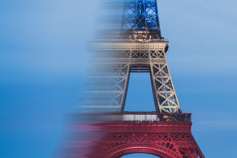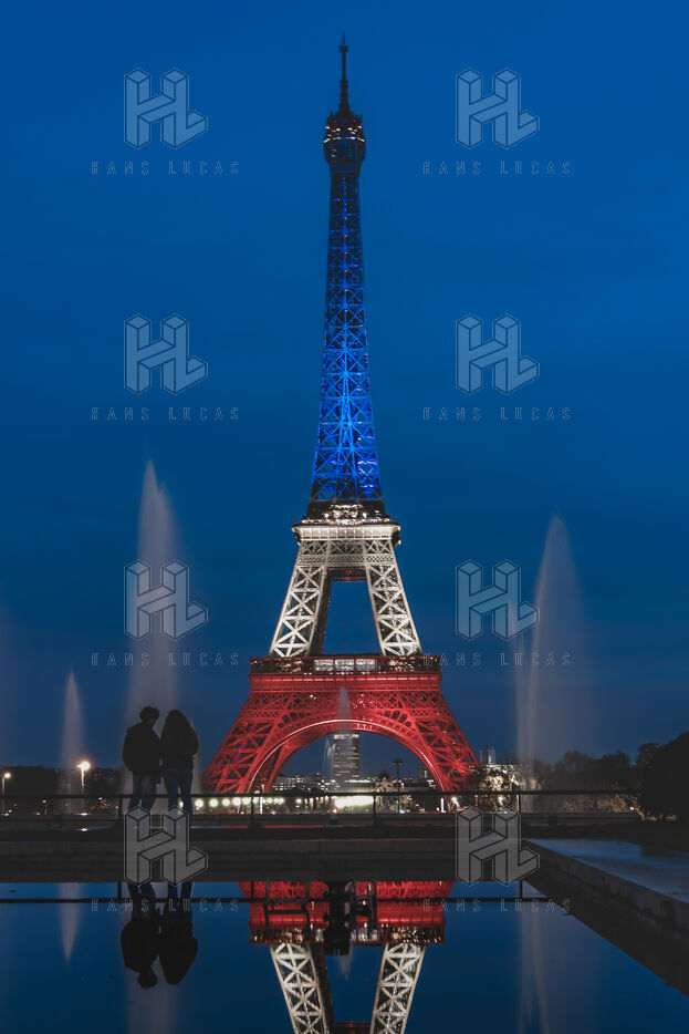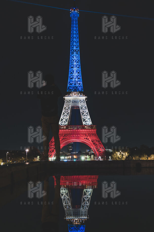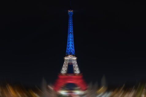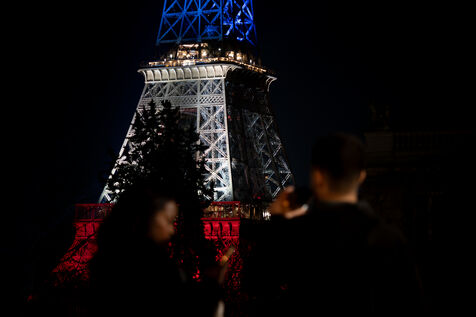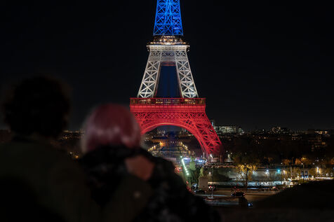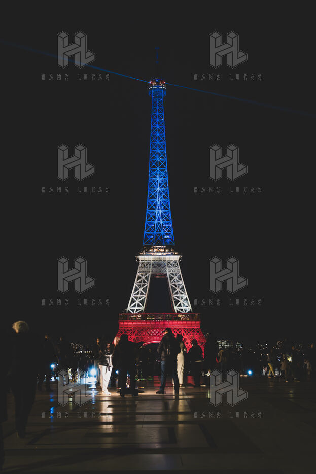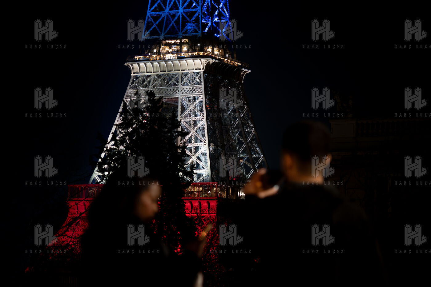 On the 10th anniversary of the attacks of November 13, 2015, and in tribute to the victims, the city of Paris illuminated the Eiffel Tower in the colors of the French flag, blue, white, and red.
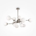 Nowoczesna lampa sufitowa Erich 12 na metalowym stelażu posiada charakterystyczne zagięte ramiona, które wraz z kloszami tworzą wyjątkową designerską konstrukcję. Model wyposażony jest w dwanaście szklanych kloszy w kształcie kuli. Cała lampa sufitowa z ramionami Erich 12 ma wysokość 134 cm i szerokość/głębokość 105.
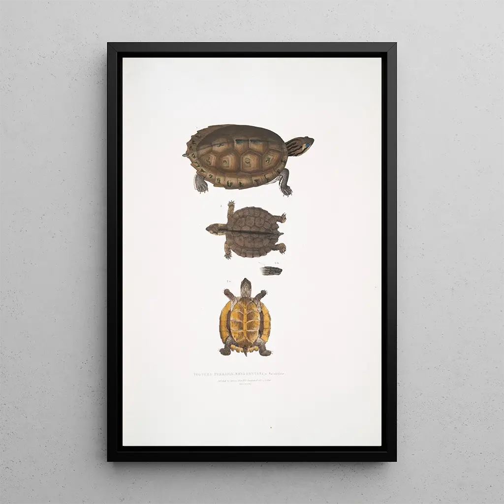 Die reproduction des Terrapin dentelé ist eine ideale dekorative Wahl für alle, die ihrem Wohnraum einen Hauch von Eleganz verleihen möchten. Ob im Wohnzimmer, im Büro oder im Schlafzimmer, dieses Leinwandbild zieht den Blick auf sich und weckt Interesse. Die Druckqualität garantiert eine außergewöhnliche Treue zu den Details des Originalwerks und bietet gleichzeitig eine unbestreitbare ästhetische Anziehungskraft. Durch die Integration dieses Bildes in Ihre Dekoration schaffen Sie eine inspirierende Umgebung, die die Schönheit der Natur und die Vielfalt der Biodiversität feiert.
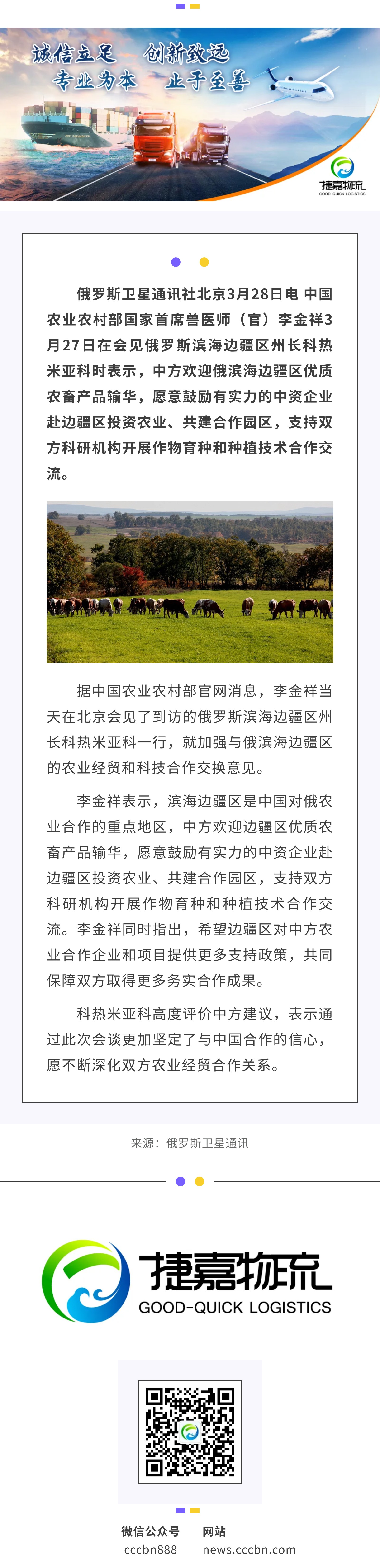 境外涉农 | 中国农业农村部:中方欢迎俄滨海边疆区优质农畜产品输华并鼓励双方开展农业合作
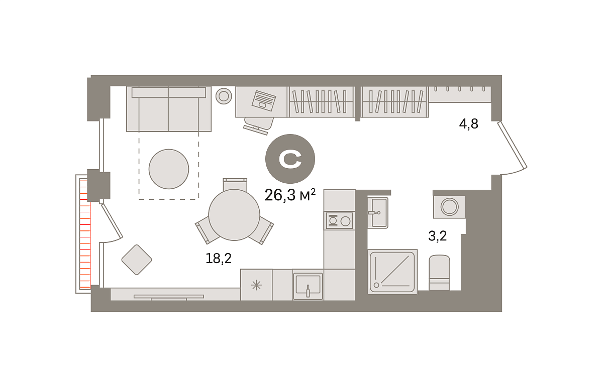 Количество комнат: Студия, 26.27 кв.м.
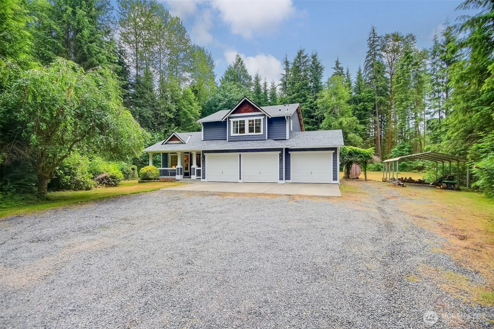 Sale Pending!!!! Located in the gated Pilchuck East community, this private 5.8 acre estate offers peace, space, and modern comfort. Enter through your own gated drive and follow a winding path to a secluded contemporary home. The flat yard features a custom concrete patio, ideal for large gatherings, while the covered front porch allows for year-round outdoor enjoyment. Inside, enjoy vaulted ceilings and spacious bedrooms, including a primary suite with full en-suite bath. A massive 32’x36’ shop with oversized doors provides ample room for an RV, boat, or storage. Recent updates include a NEW ROOF, NEW CARPET and NEW FLOORING. A six-person sauna adds the perfect finishing touch to this secluded estate.
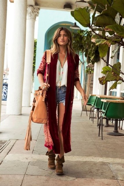 Если в воздухе уже появилась осенняя прохлада, но дни еще теплые, то не спешите отказываться от любимых шортиков, ведь можно создать немало сочетаний с джинсовыми шортами. Для стиля бохо великолепно подойдет накидка, которую можно дополнить ботиночками из мягкой замши.
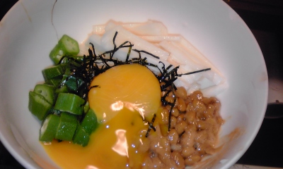 副食に納豆。オクラ。長いも。卵。ねばねば四兄弟。栄養バツグン。酒のアテにもなります。

-------------------------

> **Brief**
Return the lines exactly as they stand, from the start of the entries through the line holding "Sale Pending!!!! Located"; omit the pictures.

> **Your response**
 On the 10th anniversary of the attacks of November 13, 2015, and in tribute to the victims, the city of Paris illuminated the Eiffel Tower in the colors of the French flag, blue, white, and red.
 Nowoczesna lampa sufitowa Erich 12 na metalowym stelażu posiada charakterystyczne zagięte ramiona, które wraz z kloszami tworzą wyjątkową designerską konstrukcję. Model wyposażony jest w dwanaście szklanych kloszy w kształcie kuli. Cała lampa sufitowa z ramionami Erich 12 ma wysokość 134 cm i szerokość/głębokość 105.
 Die reproduction des Terrapin dentelé ist eine ideale dekorative Wahl für alle, die ihrem Wohnraum einen Hauch von Eleganz verleihen möchten. Ob im Wohnzimmer, im Büro oder im Schlafzimmer, dieses Leinwandbild zieht den Blick auf sich und weckt Interesse. Die Druckqualität garantiert eine außergewöhnliche Treue zu den Details des Originalwerks und bietet gleichzeitig eine unbestreitbare ästhetische Anziehungskraft. Durch die Integration dieses Bildes in Ihre Dekoration schaffen Sie eine inspirierende Umgebung, die die Schönheit der Natur und die Vielfalt der Biodiversität feiert.
 境外涉农 | 中国农业农村部:中方欢迎俄滨海边疆区优质农畜产品输华并鼓励双方开展农业合作
 Количество комнат: Студия, 26.27 кв.м.
 Sale Pending!!!! Located in the gated Pilchuck East community, this private 5.8 acre estate offers peace, space, and modern comfort. Enter through your own gated drive and follow a winding path to a secluded contemporary home. The flat yard features a custom concrete patio, ideal for large gatherings, while the covered front porch allows for year-round outdoor enjoyment. Inside, enjoy vaulted ceilings and spacious bedrooms, including a primary suite with full en-suite bath. A massive 32’x36’ shop with oversized doors provides ample room for an RV, boat, or storage. Recent updates include a NEW ROOF, NEW CARPET and NEW FLOORING. A six-person sauna adds the perfect finishing touch to this secluded estate.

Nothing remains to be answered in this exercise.